Brown's wife, Holly, a physician, and his 11-year-old son, Clayton, witnessed the accident as they waited for the pair to cross the stream, authorities said.

The Browns were vacationing with Kevin's parents, who were waiting at a lower location for the four to return from a hike.

Park ranger John Woychowski said the wife and son said there was no rain or flooding in the stream area where they were crossing before the flash flood. "They said there was no problem, that there was no danger," he said.


The flash flood raised the water level to the highest he has ever seen and the water covered all the rocks in the stream, Woychowski said.

A flash flood warning was issued for the Hana area at about 4 p.m. yesterday.

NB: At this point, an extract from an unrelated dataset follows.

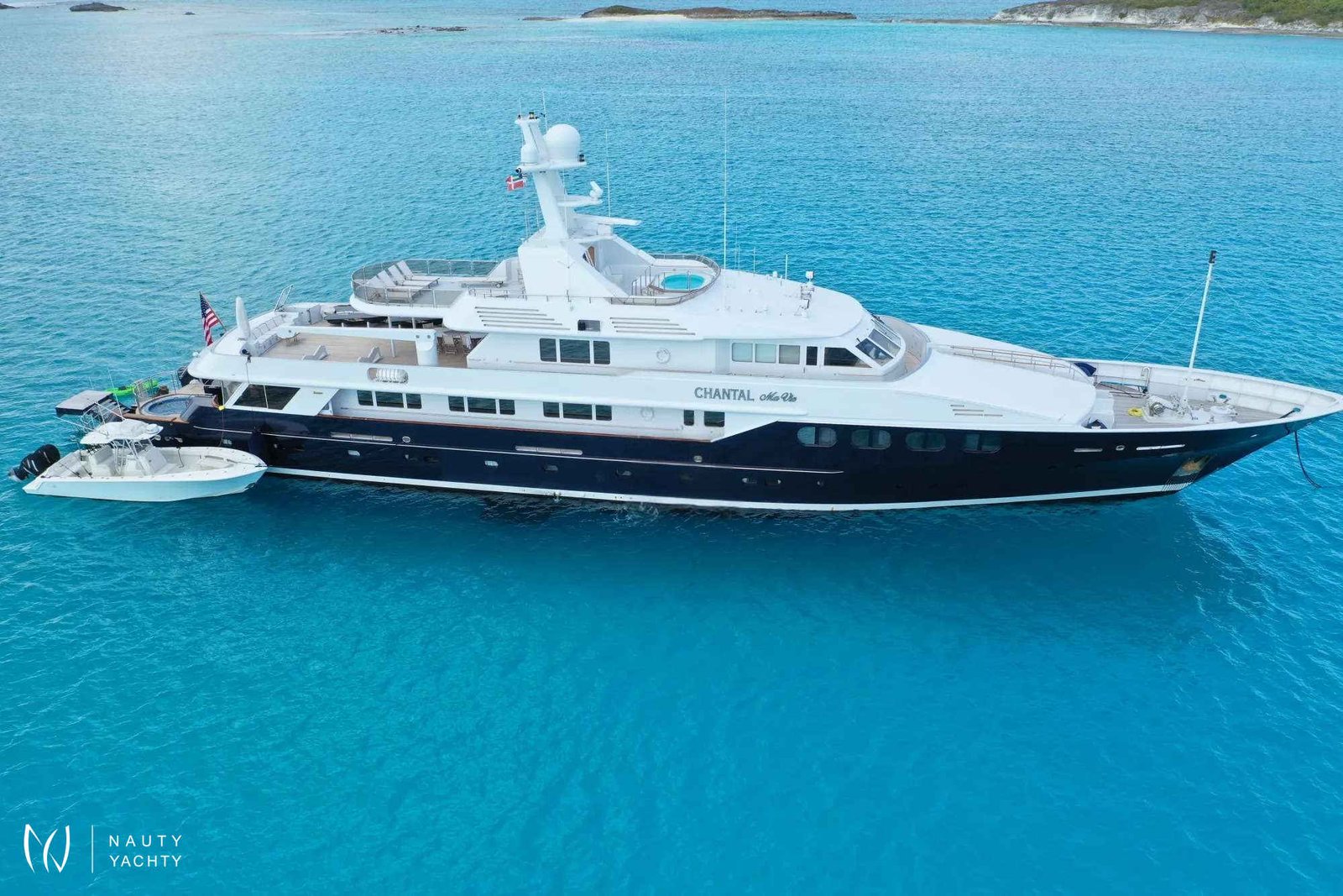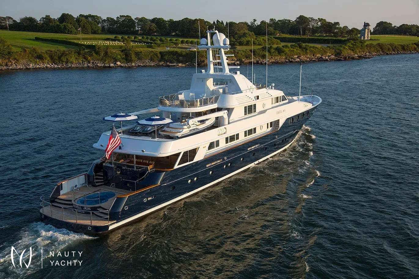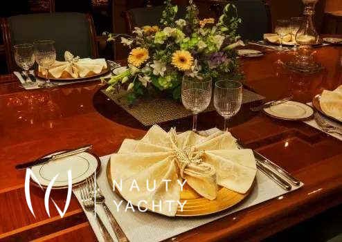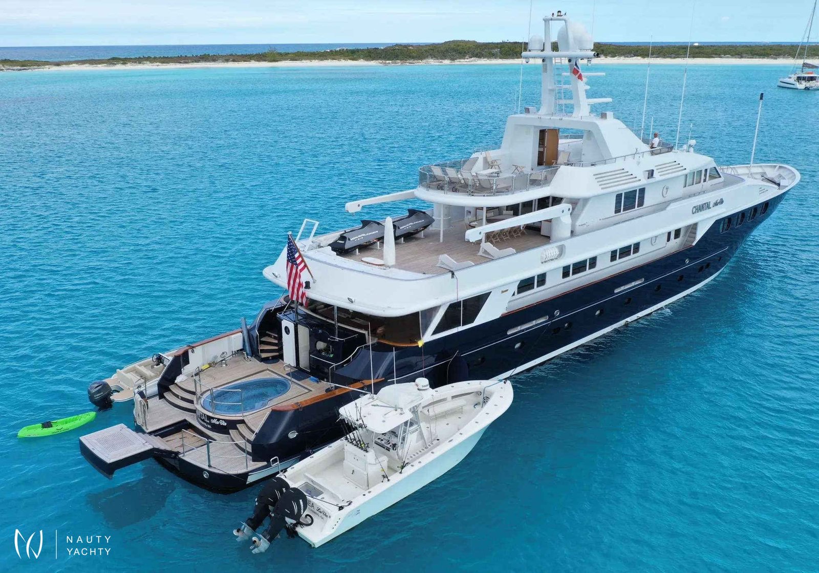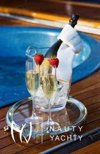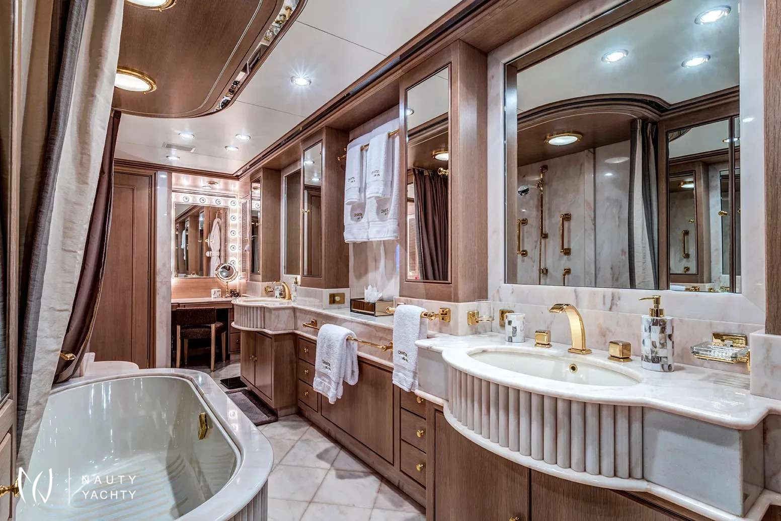 Guest Accommodation:All staterooms are light pickled ash and oak with silk wallcovering Light neutral woven carpeting throughout. Hairdryers, slippers and robes in all staterooms. 110 and 220 VoltageSTATEROOMSMaster Suite Main Deck: KING. Private office, Full width bathroom w/ Jacuzzi and walk in closetsVIP Stateroom Below Deck/Forward: KING, bathroom w/ JacuzziGuest Stateroom below Deck, amid ship: QUEEN, bathroom w/ showerGuest Stateroom, Below Deck, amid ship: QUEEN, bathroom w/ showerGuest Stateroom Below Deck, Aft: DOUBLE, SINGLE and PULLMAN, bathroom w/ showerGuest Stateroom Below Deck, Aft: DOUBLE, SINGLE and PULLMAN, bathroom w/ shower***Staff Stateroom Bridge Deck (Upper/lower or twins)SUN DECKLarge open area with lounge chairs, day head and a Jacuzzi forward with a view.BRIDGE DECKSky lounge with marble topped bar and six stools. Marble topped game table with 4 chairs. Sliding doors lead to the bridge deck that has covered dinging and bench seating with umbrellas. There is a mahogany lined table for 12 guests.MAIN DECKForward is the Master suite followed by the galley and formal dining room with seating for 12 guests. The saloon has 2 large sofas and occasional chairs and includes a concealed entertainment center.AFT DECKMarble topped wet bar, sofas and casual dining area. Steps down on both sides of the aft deck lead to the new extension and large deck area with a second Jacuzzi and swim platform.BELOW DECK4 StateroomsGym with access from the main deck aft
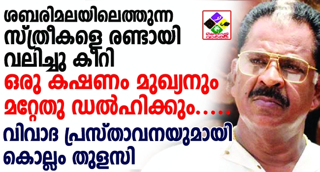 ഇവിടുത്തെ അമ്മമാരെല്ലാം ശബരിമലയ്ക്ക് പോകണം. എന്തിനാണെന്നോ. ചില അവളുമാരെ ഒരുക്കിയിട്ടുണ്ട്. അങ്ങനെ ആരെങ്കിലും വന്നാല്, അവളുമാരെ രണ്ടായി വലിച്ചു കീറി ഒരു ഭാഗം ഡല്ഹിയിലേക്കും മറ്റൊരു ഭാഗം മുഖ്യമന്ത്രിയുടെ മുറിയിലേക്കും ഇട്ടുകൊടുക്കണമെന്ന് കൊല്ലം തുളസി പറഞ്ഞു.

Ron Martin, the operations supervisor for Haleakala National Park, said he hadn't heard about the flash flood warning until after the accident.

Martin said most of the visitors probably were unaware because they don't carry radios with them and radio reception is bad in Kipahulu.

He said the survivors managed to find a taro farm, and the farmer who didn't have a telephone took them down to the park visitor center, where they reported the accident.

Police Sgt. Ricky Uedoi said park rangers, police, firefighters and a fire helicopter crew launched a search after receiving the emergency call at about 5:05 p.m. yesterday.

Martin said searchers had difficulty looking for the missing visitors because the flood waters were more than 10 feet high in spots.

Martin said helicopters will be searching Makahiku gulch and nearby ocean today. He said park authorities also plan to ask county fire rescue divers to search in water below the 190-foot falls if condition allows for safe diving.

Also on Maui yesterday, four Ohio visitors were rescued by a fire rescue crew after they were stranded next to a swollen stream near Ulaino Road in Hana. No one was injured.

The heavy showers yesterday also brought a show of lightning and thunder. Oahu residents reported lightning and thunder from Central Oahu to Hawaii Kai and the Windward side. But police, fire and utility officials reported no serious storm incidents last night.

Electrical power flickered across most of Leeward Oahu at 5:56 p.m. and 5:59 p.m. yesterday, but no one lost power as a result, said Hawaiian Electric Co. spokeswoman Lynne Unemori. Witnesses reported lightning at about that time. HECO troubleshooters traced the source to Pearl City but did not find any indication that the brief blips were storm-related, Unemori said.

About 10 customers in Kalihi lost power last night because of an electrical pole fire on McNeil Street. The fire was caused by arcing that may have been caused by rain, Unemori said.

The National Weather Service issued a flash flood warning for Maui and a flood advisory for Oahu last night. The warning and advisory were lifted at 10 p.m. but weather officials said today's forecast also calls for possible heavy showers later in the day.